The service cancellation has subsequently been confirmed by Hong Kong media Apple Daily on Oct. 1, when tickets for trains from the southern Chinese city of Shenzhen to Urumqi, the capital of Xinjiang, were no longer on sale for trips after Oct. 22.

While Beijing has yet to provide an explanation, many have speculated that the railway is shutting down because Chinese authorities are moving Uyghurs being held inside concentration camps in Xinjiang to different parts of the country. The southwestern region is home to many Uyghurs, an ethnic minority in China, who have been subject to a brutal crackdown by Beijing in recent years.

On Sept. 21, the Chinese-language Epoch Times received confirmation from a source in Xinjiang that local police officers have signed a confidentiality agreement not to reveal that they are transporting Uyghurs elsewhere. According to the source, about 1,500 Uyghurs in the area where he resides were being sent to other locations.

On Sep. 25, Radio Free Asia reported that more than 100 special police officers secretly transferred more than 3,000 Uyghurs via more than 50 buses out of camps in Xinyuan County, located in the southeast of Urumqi. The transport took place while the entire county was under “traffic control,” according to the report.

Three days later, on Sept. 28, RFA received confirmation from a police officer in Bulakesuxiang, a village in Shufu County, Xinjiang, that local police were transporting a group of Uyghurs locked up in local camps to other Chinese provinces. The police officer, who couldn’t confirm the exact number of Uyghurs being transported or their final destination, told RFA that they have been transporting Uyghurs since the beginning of last month.

In August, a United Nations human-rights panel estimated that 1 million Uyghurs were currently being held in camps for political indoctrination inside Xinjiang. China has denied that the camps exist, despite satellite images that reveal massive encampments in the region.

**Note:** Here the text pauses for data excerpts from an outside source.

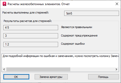 Если расчет ж/б элементов вызвал ошибки или предупреждения, то в нижней части диалогового окна будет выведена информация о том, где можно получить сведения об этих ошибках и предупреждениях.
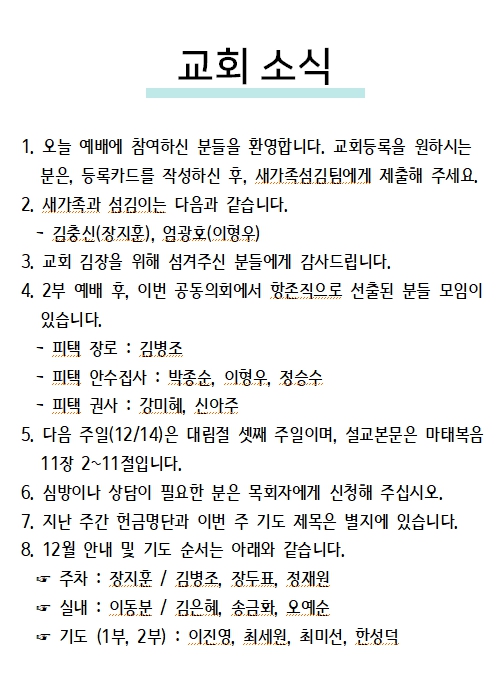 2025년 12월 14일 교회소식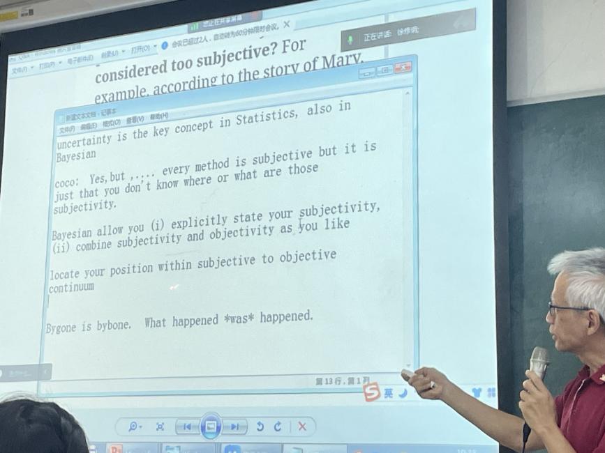 At the beginning of the first lecture, Professor Leung first introduced himself and introduced his research experience in the field of education and statistics. Using many interesting examples from life, he led on the topic of Bayesian, which aroused the participants’ strong interest in the topic. Professor Leung then explained Bayesian concepts in depth through several vivid examples, including the basic principles of Bayesian thinking and the differences from classical hypothesis testing. The participants gradually understood the Bayesian through practical cases. Its main concepts include prior, likelihood, and posterior.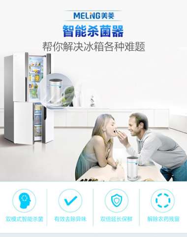 除此之外,美菱还针对冰箱“易生细菌、保鲜效果差、异味肆虐”的痛点研发出了“冰箱智能杀菌器”。这款身高103mm,直径50mm的小巧装置,能够通过内置

Gay McDougall, a member of the U.N. Committee on the Elimination of Racial Discrimination, said that Uyghurs—most of whom practice Islam—as well as other Muslim minorities in the area, were being treated as “enemies of the state,” due to their ethnoreligious identity.

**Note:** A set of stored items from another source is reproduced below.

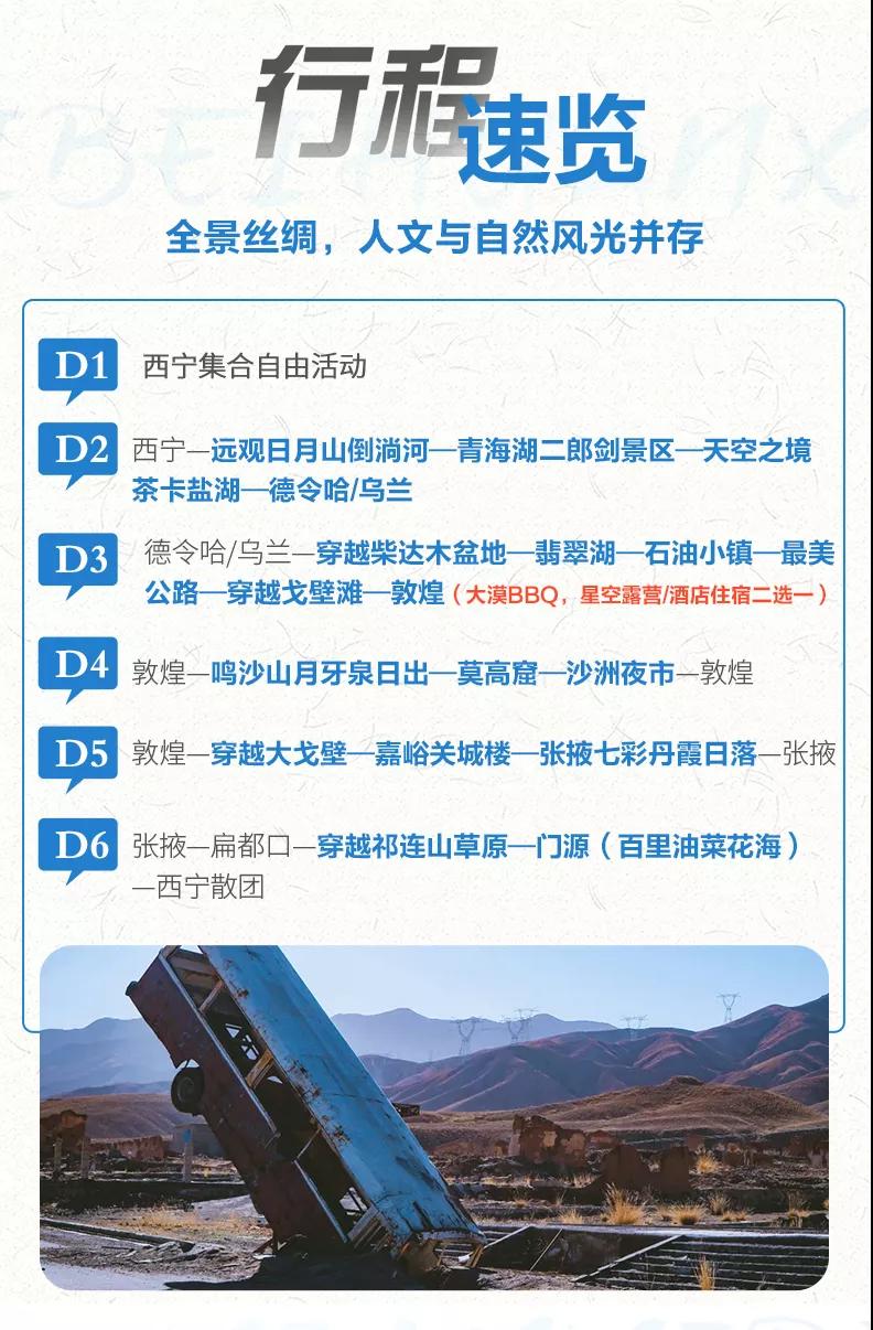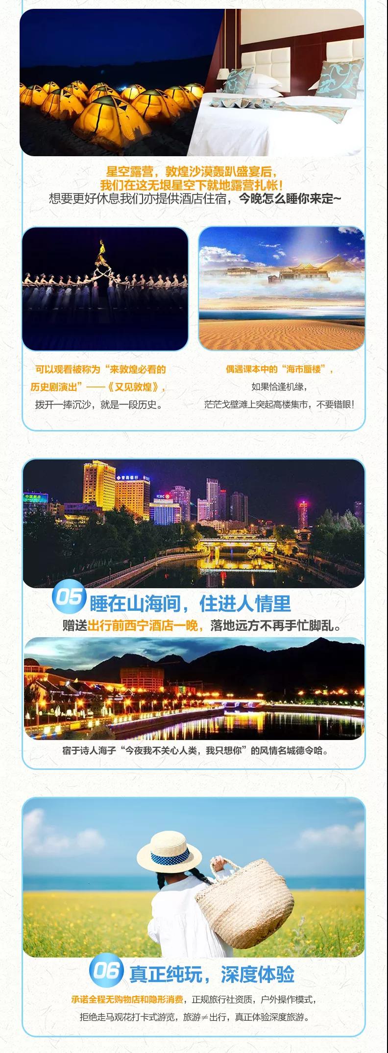 贈(zèng)送:贈(zèng)送特色敦煌沙漠BBQ;贈(zèng)送貼心禮包旅游三寶、魔術(shù)頭巾、礦泉水;贈(zèng)送西寧市區(qū)24小時(shí)接機(jī)/接火車服務(wù)。(贈(zèng)送項(xiàng)目不用費(fèi)用不退)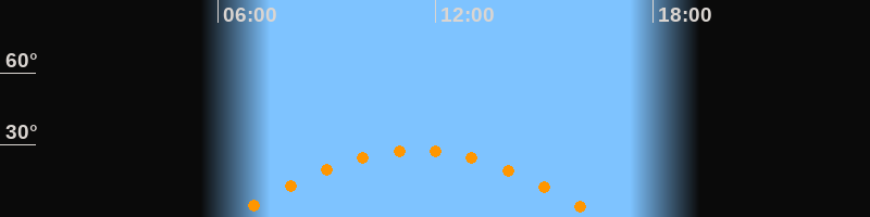 | Höchster Stand (Kulmination) | 11:28 Uhr (h = 27,8°) |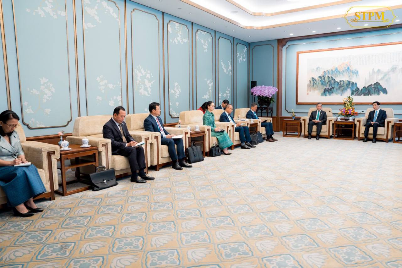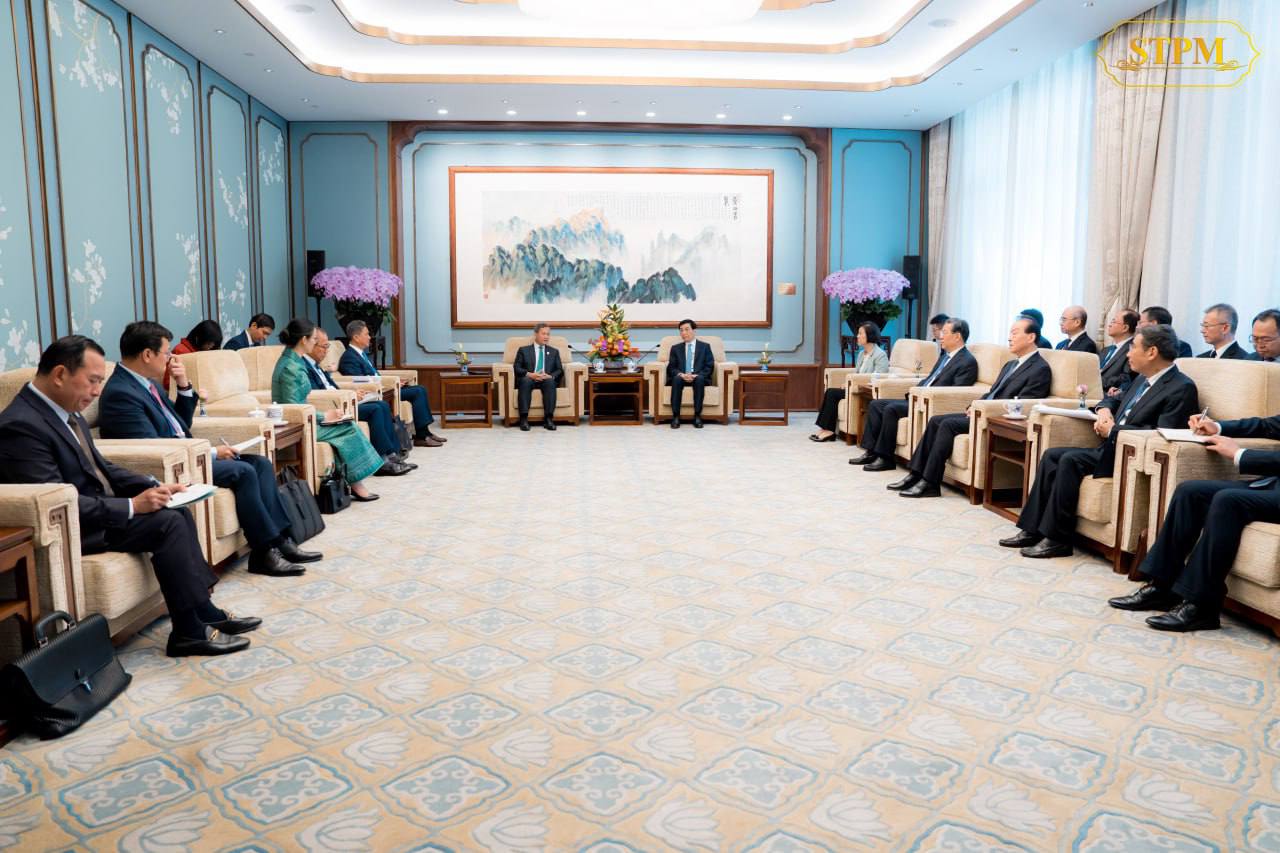 ក្នុងជំនួបនោះ ឯកឧត្តមប្រធានសភា បានសម្តែងការស្វាគមន៍យ៉ាងកក់ក្តៅចំពោះសម្តេចបវរធិបតី និងគណៈប្រតិភូរាជរដ្ឋាភិបាលកម្ពុជា។ ឯកឧត្តមបានចាត់ទុកវត្តមានរបស់សម្តេចបវរធិបតី និងគណៈប្រតិភូថា បានបង្ហាញពីការយកចិត្តទុកដាក់យ៉ាងជ្រាលជ្រៅលើការពង្រឹងទំនាក់ទំនងជាប្រពៃណី និងយូរអង្វែងរវាងប្រទេសទាំងពីរ។ ឯកឧត្តមប្រធានបានថ្លែងថា ទំនាក់ទំនងកម្ពុជា-ចិនបានឆ្លងកាត់ការសាកល្បងនៃការប្រែប្រួលសភាពការណ៍អន្តរជាតិ និង កាន់តែមានភាពរឹងមាំ និងស្ថិតស្ថេយូរអង្វែង។ ឯកឧត្តមប្រធានក៏បានបន្ថែមថា ក្នុងជំនួបការងារទ្វេភាគីនាថ្ងៃទី ៣០ ខែសីហា ឯកឧត្តមប្រធានាធិបតីចិន ស៊ី ជីនពីង បានដាក់ចេញទិសដៅសំខាន់ៗ ដើម្បីធ្វើឱ្យទំនាក់ទំនងចិន-កម្ពុជា កាន់តែស៊ីជម្រៅថែមទៀត។ ក្នុងបរិបទនេះ ប្រទេសចិននឹងនៅតែបន្តគាំទ្រកម្ពុជាដោយឥតងាករេ។

Beijing has labeled Uyghurs as a terror threat to justify the group’s suppression. In schools, students are forbidden from speaking the Uyghur language. Books on Uyghur religion, history, and culture have been burned. In their everyday lives, the people are subject to heavy surveillance, including numerous security checkpoints in public areas. Reports of Uyghurs being rounded up and placed in detention camps, where they often face inhumane treatment, first emerged last December.

Three Uyghurs, who escaped to Turkey after being detained at such camps, spoke about their experience in a recent interview with RFA. They spoke on the condition of anonymity out of fear that family members still in Xinjiang might be subject to reprisals by Chinese authorities.

“I was taken into this place. I had never been to a prison before. But that place was just like a prison. The guards had all the gears, including electric batons,” a female Uyghur said. “For the first two days I was there, I was chained to a chair, and I was not allowed to sleep.”

“The teachers [in the camp] said we were sick … that we needed to be cured,” the female Uyghur added. “We have to recite and sing Chinese songs.”

These camps are for the purpose of “re-education,” where Uyghurs are indoctrinated with ideas of loyalty to the Chinese Communist Party, forbidden from using Islamic greetings, and required to learn Mandarin Chinese and sing Chinese propaganda songs that promote the Party.

A male Uyghur said that detainees often face constant beatings while incarcerated.

“Everyday, there was someone being beaten,” he said. “The guards on duty would choose a person or two to beat up. I couldn’t really stand hearing the screams [of those being beaten]. [Those guards] did not have a purpose for doing so. They were beating others for fun.”